Since the Panda and Penguin updates, the SEO community has been talking more and more about machine learning, and yet often the term still isn't well understood. We know that it is the "magic" behind Panda and Penguin, but how does it work? Why didn't they use it earlier? What does it have to do with the periodic "data refreshes" we see for both of these algorithms?
I think that machine learning is going to be playing a bigger and bigger role in SEO, and so I think it is important that we have a basic understanding of how it works.
Disclaimer: Firstly, I'm no expert on machine learning. Secondly, I'm going to intentionally simplify aspects in places and brush over certain details that I don't feel are necessary. The goal of this post is not to give you a full or detailed understanding of machine learning, but instead to give you a high-level understanding that allows you to answer the questions in my opening paragraph should a client ask you about them. Lastly, Google is a black box, so obviously it is impossible to know for sure exactly how they are going about things, but this is my interpretation of the clues the SEO community has stitched together over time.
Watermelon farming
Machine learning is appropriate to use when there is a problem that does not have an exact answer (i.e. there isn't a right or wrong answer) and/or one that does not have a method of solution that we can fully describe.
Examples where machine learning is not appropriate would be a computer program that counts the words in a document, simply adds some numbers together, or counts the hyperlinks on a page.

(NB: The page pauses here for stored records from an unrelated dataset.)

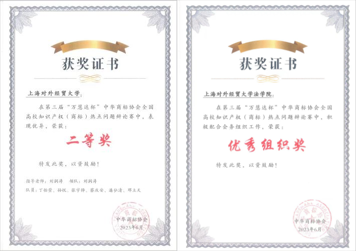近日,第三届“万慧达杯”中华商标协会全国高校知识产权(商标)热点问题辩论赛在2023中国国际商标品牌节落下帷幕。来自北京大学、清华大学、中国人民大学、中国政法大学、同济大学、华东政法大学、上海大学、上海对外经贸大学等全国范围内三十多所高校参加本届辩论赛。历经多轮激烈角逐,我校代表队荣获全国二等奖,我校法学院获“优秀组织奖”。
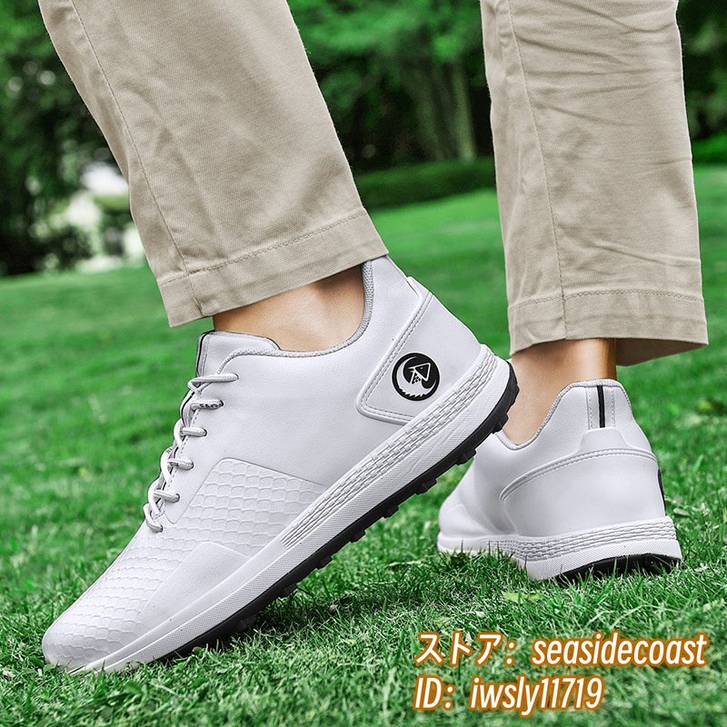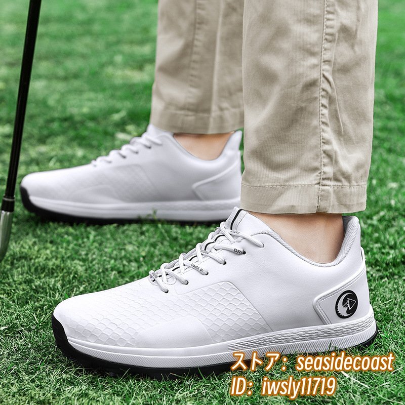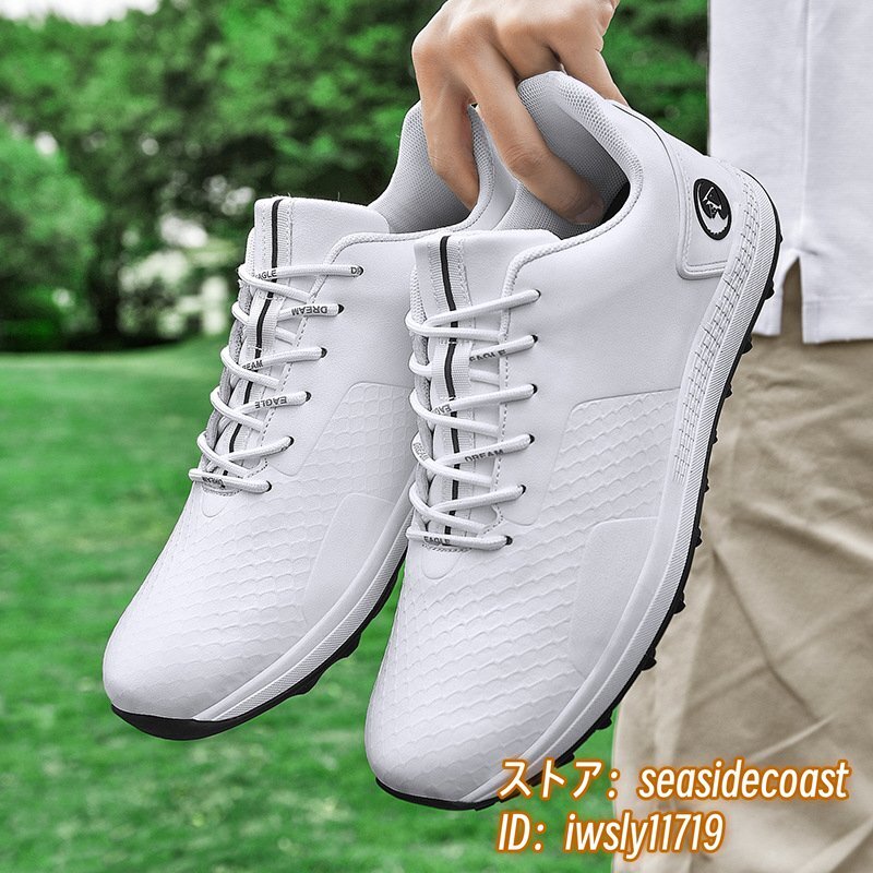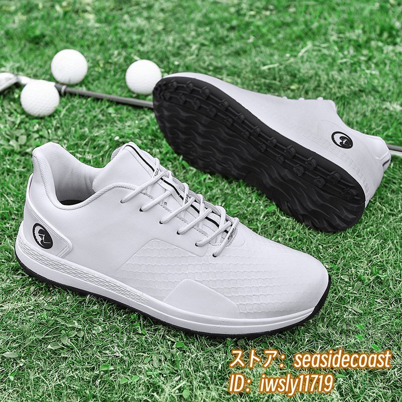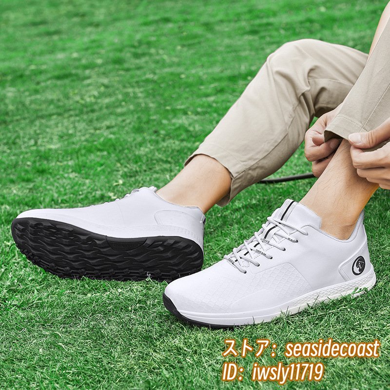 新品特売 ゴルフシューズ スニーカー メンズ スポーツシューズ デニス 運動靴 ウォーキングシューズ 軽量 防水 防滑 耐磨 ホワイト 28.0cm
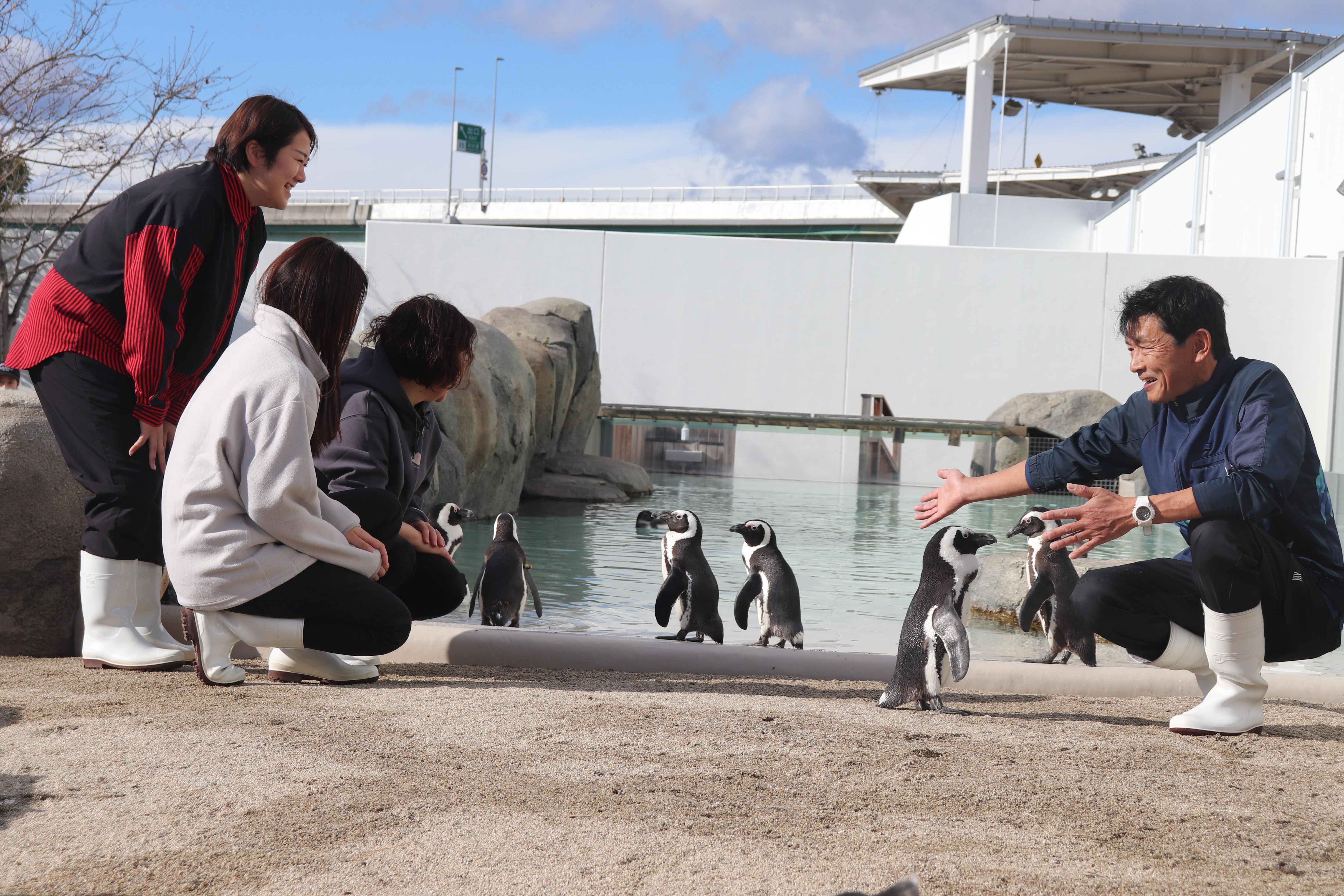 飼育員が「うみの杜ビーチ -PENGUIN LIFE-」の展示場内をご案内するガイドツアー型の体験プログラムです。ケープペンギンの生態や暮らしについて、楽しく学ぶことで、ペンギンたちとの「つながり」をご体感いただけます。ペンギンと一緒に記念撮影もできます。
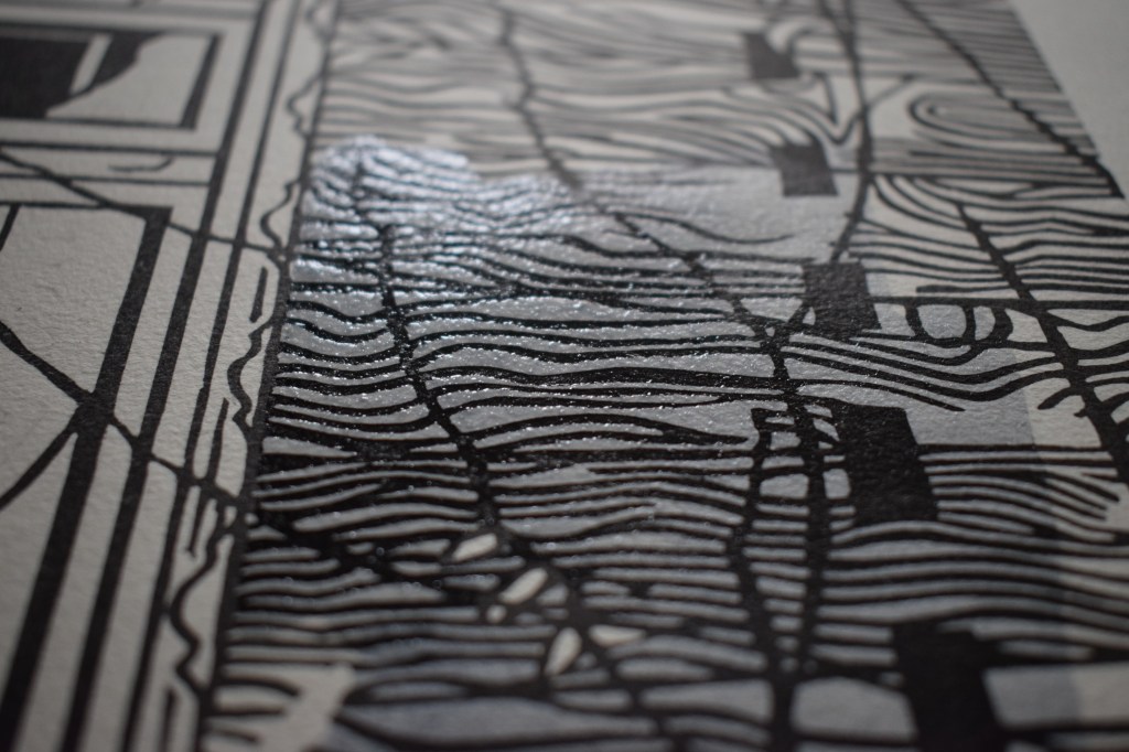 Dok sam ove izrezbarene detalje crtala na pripremnoj skici (a i kasnije dugotrajno dubila u ploči linoleuma), primijetila sam da, osim što raste moj interes za teksturu, očito raste i moj interes za ritam.
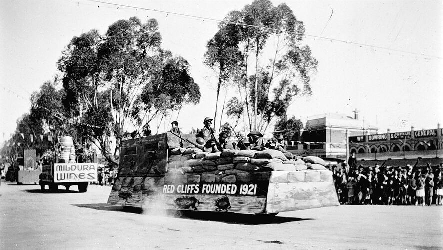 Floats in a parade. The float in front bears the sign 'Red Cliffs founded 1921' and has men in military uniform behind sandbags. The float behind advertises Mildura wines.

Examples where machine learning would be appropriate are optical character recognition, determining whether an email is spam, or identifying a face in a photo. In all of these cases it is almost impossible for a human (who is most likely extremely good at these tasks) to write an exact set of rules for how to go about doing these things that they can feed into a computer program. Furthermore, there isn't always a right answer; one man's spam is another man's informative newsletter.
Explaining Machine Learning with Will Critchlow at SearchLove 2013 in London. I like watermelons.
The example I am going to use in this post is that of picking watermelons. Watermelons do not continue to ripen once they are picked, so it is important to pick them when they are perfectly ripe. Anyone who has been picking watermelons for years can look at a watermelon, give it a feel with their hands, and from its size, colour and from how firm it feels they can determine whether it is under-ripe, over-ripe or just right. They can do this with a high degree of accuracy. However, if you asked them to write down a list of rules or a flow chart that you or I could use to determined whether a specific watermelon was ripe, then they would almost certainly fail - the problem doesn't have a clean cut answer you can write into rules. Also note that there isn't necessarily a right or wrong answer - there may even be disagreement among the farmers.
You can imagine that the same is true about how to identify whether a webpage is spammy or not; it is hard or impossible to write an exact set of rules that work well, and there is room for disagreement.
Robo-farmers
However, this doesn't mean that it is impossible to teach a computer to find ripe watermelons; it is absolutely possible. We simply need a method that is more akin to how humans would learn this skill: learning by experience. This is where machine learning comes in.
Supervised learning
We can set up a computer (there are various methods, we don't need to know the details at this point, but the method you've likely heard of is artificial neural networks) such that we can feed it information about one melon after another (size, firmness, color, etc.), and we also tell the computer whether that melon is ripe or not. This collection of melons is our "training set," and depending the complexity of what is being learnt it needs to have a lot of "melons" (or webpages or whatever) in it.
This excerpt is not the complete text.